The matcher has always used properties 1 and 2 of such loops. It also took slight advantage of property 3: As a corollary, all repetitions match the empty string iff the first repetition matches the empty string, so the matcher only checked whether the first repetition is empty.

But properties 3 and 4 can be exploited further: If we know that each successful repetition shifts the matched string and the capturing groups by the same distance, we do not have to explicitly store these positions on the stack for unwinding greedy matching but can restore the positions while backtracking by shifting the positions in the other direction by the same amount. As for non-greedy matching, failing to match the next repetition will immediately result in backtracking beyond the first repetition, so we actually do not even have to know the length of the strings matched by each repetition, but only have to allow backtracking to proceed for the first stack frames that were pushed while matching the first repetition.

At least for greedy matching, though, we can't easily avoid that these stack frames are pushed while matching the next repetition, because they are still needed to restore the match state when backtracking from the last attempted match.

This PR implements that stack frames pushed while matching a repetition are popped afterwards from the stack without any further processing from the second repetition on.

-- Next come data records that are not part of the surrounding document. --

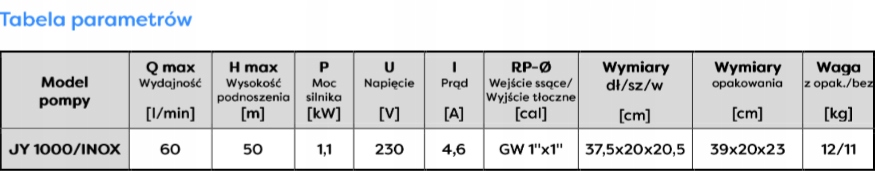 Pompa hydroforowa JY 1000 przeznaczona jest do zaopatrywania w słodką, zimną czystą wodę pod ciśnieniem. Pompa hydroforowa JY 1000 służy do dostarczania wody z ujęć studziennych lub innych źródeł zarówno do budynków mieszkalnych, jak i obiektów gospodarczych, działkowych. Znakomicie spełni swoją rolę przy nawadnianiu. Oferowana w dwóch wersjach wykonania.
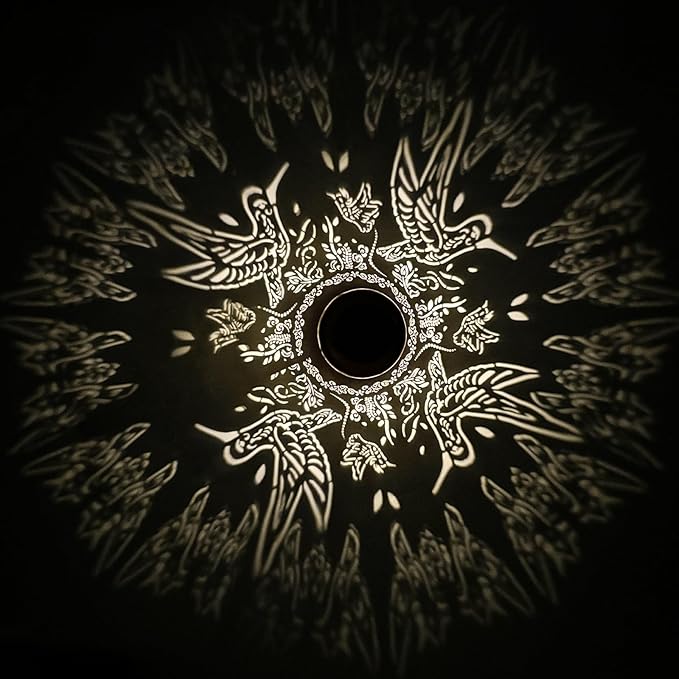 - 【Hummingbird Decoration】The solar outdoor lantern is inspired by animal elements in nature. It projects bright hummingbird patterns in the dark, creating a gorgeous and warm atmosphere and bringing vitality and fun to your garden. It adopts a gold-copper color and hollowed-out metal finish, presenting a retro look.
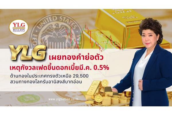 วายแอลจี เผยทองคำย่อตัวหลังนักลงทุนกังวลผลประชุมเฟดเดือน มี.ค. อัตรา ดอกเบี้ย นโยบายอาจปรับขึ้น 0.5% มากกว่าที่เคยคาด หลังเงินเฟ้อพุ่งไม่แผ่ว ส่งผลทองแกว่งตัวลงระยะสั้น
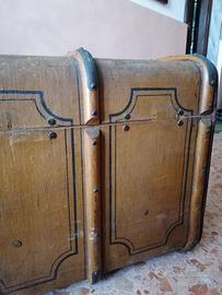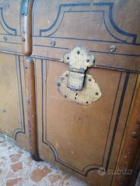 Baule da viaggio della fine 800 inizi 900. Realizzato in legno rivestito in tela. Chiusura ed elementi in ottone, non sono presenti chiavi per la chiusura. Maniglie e bordature in cuoio. All'interno fibbie per tenere fermi i vestiti e scomparto che si apre a fisarmonica in legno e tessuto. Presenti su entrambi i lati delle piccole placche in ottone indicanti la casa produttrice: G. Winternitsz Valigeria Universale Genova. Presenta segni del tempo, risulta tuttavia perfettamente conservato senza danni o parti mancanti. La superficie esterna in tela presenta un colore marrone in alcune zone più scuro, effetto dovuto al passare del tempo. Tale colorazione potrà diventare uniforme se sottoposto ad un eventuale trattamento per ripristinare il colore originale in ogni parte del baule. Oggetto d'epoca per collezionisti e amanti dei tempi passati. Nonostante il tempo l'oggetto è ben conservato.
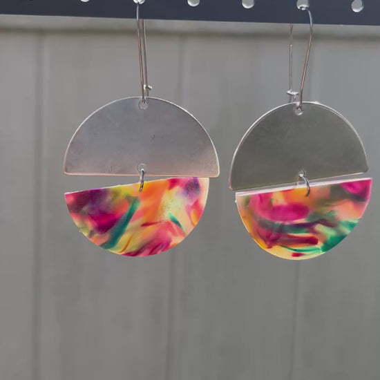 Elevate your style with these stunning Semi Circle Sterling Silver Rainbow Dangles! Featuring genuine sterling silver semi circle plates combined with a semi circle of vibrant rainbow of colors, these handcrafted earrings combine premium quality with playful design for a look that's both elegant and fun.
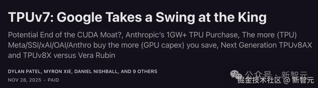 文章中,高级分析师强调:谷歌正手持 TPUv7 这把利剑,向英伟达王座发起冲锋,或将终结 CUDA 护城河。

Thus, the stack stops growing while the matcher processes the simple loop.

This is probably the most intricate PR since the start of the non-recursive matcher PR, because it keeps tampering with this stack and does not just pop from the stack, but even repeatedly modifies two special stack frames that were pushed earlier while processing the loop's _N_rep and _N_end_rep nodes. However, I believe the performance benefit for simple loops is worth this complication (especially because I hope to extend this optimization to even more loops that are currently not marked simple).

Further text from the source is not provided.